There's also a common, colloquial one: "Chodźmy na dymka". "Dymek" is a diminutive of "dym" which means "smoke". So actually, it literally means "Let's go have a smoke". 

Cheers!


----------



## Juuuergen

And always remember this about Poles and cigarette smoking: "Ostatnie nawet kurwa nie bierze" (Not even a whore takes the last one)


----------



## Vodoun

Juuuergen said:


> And always remember this about Poles and cigarette smoking: "Ostatnie nawet kurwa nie bierze" (Not even a whore takes the last one)



hahaha
Thanks for the advice


----------



## JakubikF

dn88 said:


> "Chodźmy na szluga"


 This is a dialect. It is not correct in standard Polish.


----------



## dn88

JakubikF said:


> This is a dialect. It is not correct in standard Polish.

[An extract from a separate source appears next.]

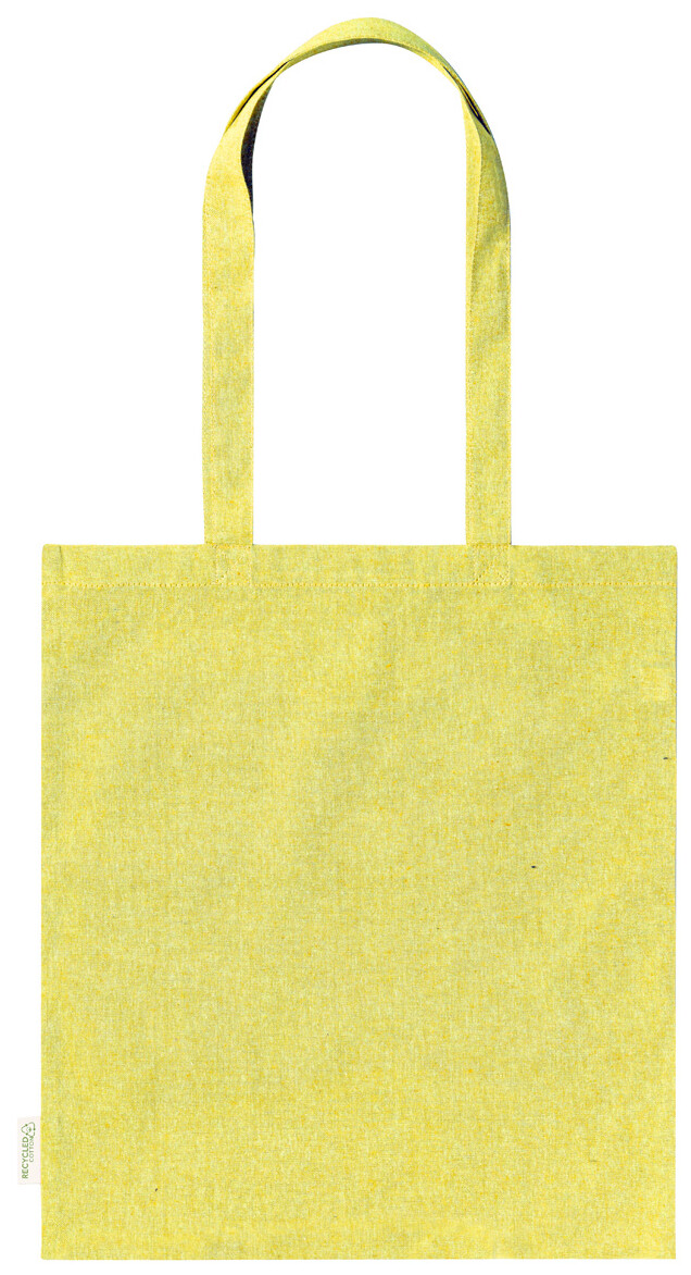 Opakovaně použitelná nákupní taška ze 100% recyklované bavlny s dlouhými uchy a výrazným štítkem z recyklované bavlny, 140 g/m2.
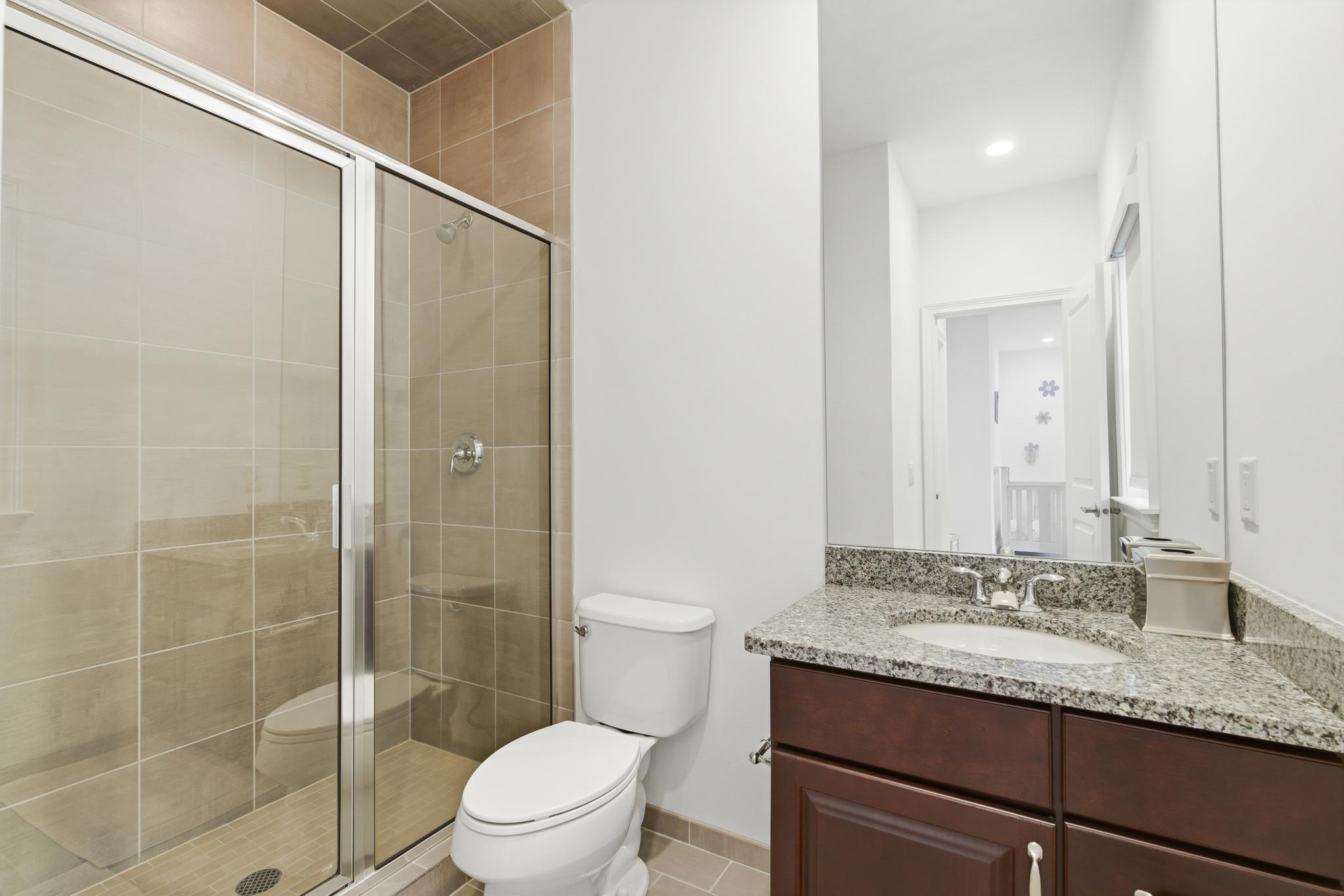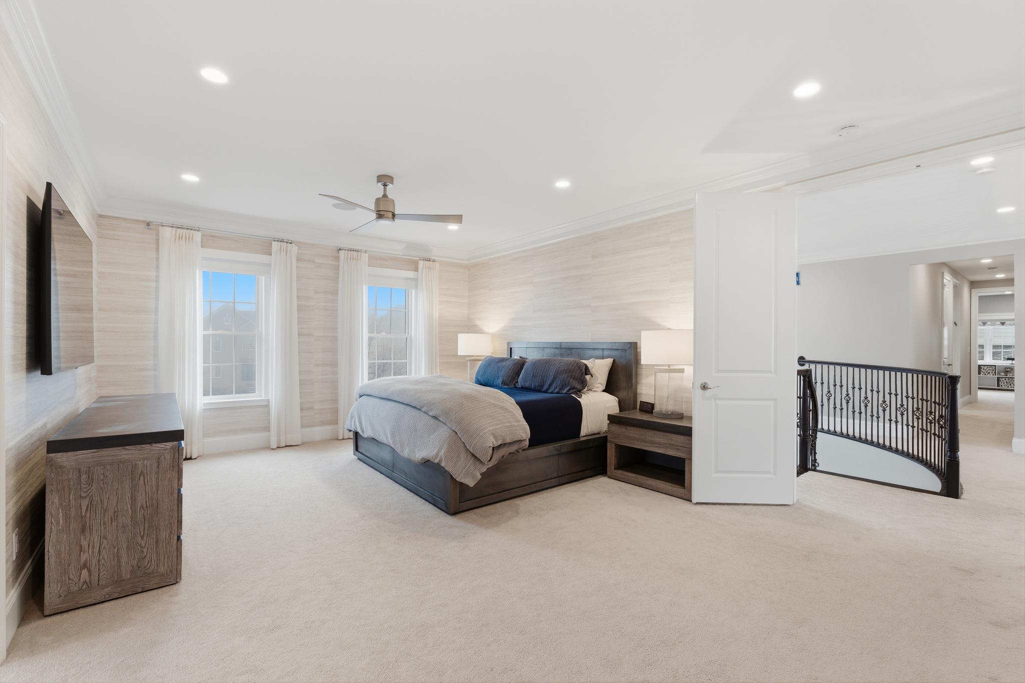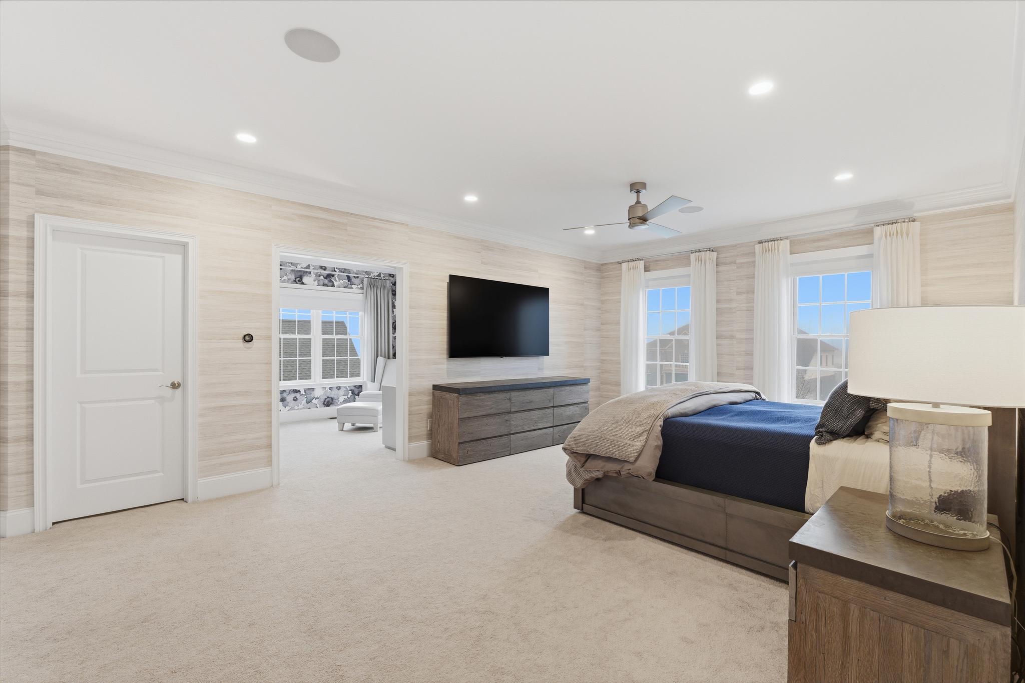 Upstairs, the luxurious primary suite offers a true sanctuary. Behind double doors, you will find dual walk-in closets with custom shelving, a private sitting room, and motorized shades. The spa-like en-suite bath features an oversized shower, a separate whirlpool tub, and double vanities with granite countertops. The second floor also includes two bedrooms connected by a Jack-and-Jill bath, a fourth en-suite bedroom, and a dedicated laundry room.

I don't know if it's a dialect. I would only say it's very informal.


----------



## Thomas1

I agree with dn88 on this one, I could even tag it as slang. I hear it from younger Poles most often.





Juuuergen said:


> And always remember this about Poles and cigarette smoking: "Ostatniego nawet kurwa nie bierze" (Not even a whore takes the last one)


This expression should not be used in public or among people you don't know.


----------